Area: 660 sq. km. (254 sq. mi.).
Cities: Capital--Singapore (country is a city-state).
Terrain: Lowland.
Climate: Tropical.


Population (2000): 4.02 million (including resident foreigners).
Annual growth rate: 2.8%.
Ethnic groups: Chinese 77%, Malays 14%, Indians 8%.
Religions: Buddhist, Taoist, Muslim, Christian, Hindu.
Languages: English, Mandarin and other Chinese dialects, Malay, Tamil.
Education: Years compulsory--none now, six beginning 2003. Attendance--93%. Literacy--93%.
Health (1999): Infant mortality rate--3.2/1,000. Life expectancy--75 yrs. male, 79 yrs. female.
Work force (1999, 1.98 million): Industry and commerce--28%; services--72%.


Type: Parliamentary republic.
Constitution: June 3, 1959 (amended 1965 and 1991).
Independence: August 9, 1965.
Branches: Executive--president (chief of state, 6-yr. term); prime minister (head of government).
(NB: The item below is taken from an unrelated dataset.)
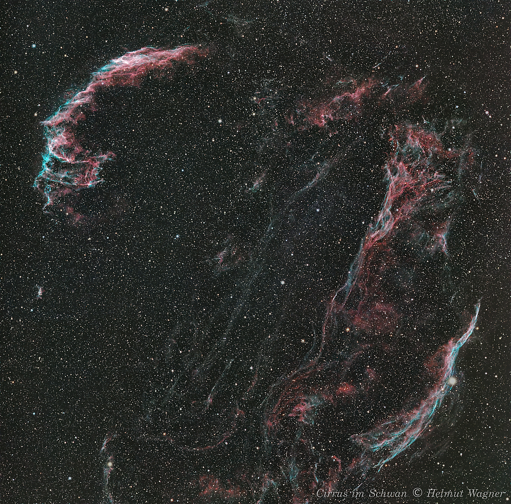 Cirrusnebel – Helmut Wagner- August 2025 – Sharpstar 50EDPH, Touptek 533C/M, Schmalband-Filter Optolong L-eXtreme, 60x120s RGB, 100x120s Mono

Legislative--unicameral 83-member parliament (maximum 5-yr. term). Judicial--High Court, Court of Appeal, subordinate courts.
Political parties: People's Action Party (PAP), Singapore Democratic Party (SDP), Workers' Party (WP), Singapore's Peoples Party (SPP).
Suffrage: Universal and compulsory at 21.
Central government budget (FY 2000): $17 billion.
Defense (FY 2000 est.): 4.5% of gross domestic product.
National holiday: August 9.
Flag: Two equal horizontal sections, red over white, with a white crescent and five stars in the upper left corner.


GDP (1999): $85 billion.
Annual growth rate: 0.4% (1998); 5.4% (1999); 8.0% (2000 est.).
Per capita GNP (1999--purchasing power parity): $28,600.
Natural resources: None.
Agriculture (under 0.5% of GDP): Products--poultry, orchids, vegetables, fruits.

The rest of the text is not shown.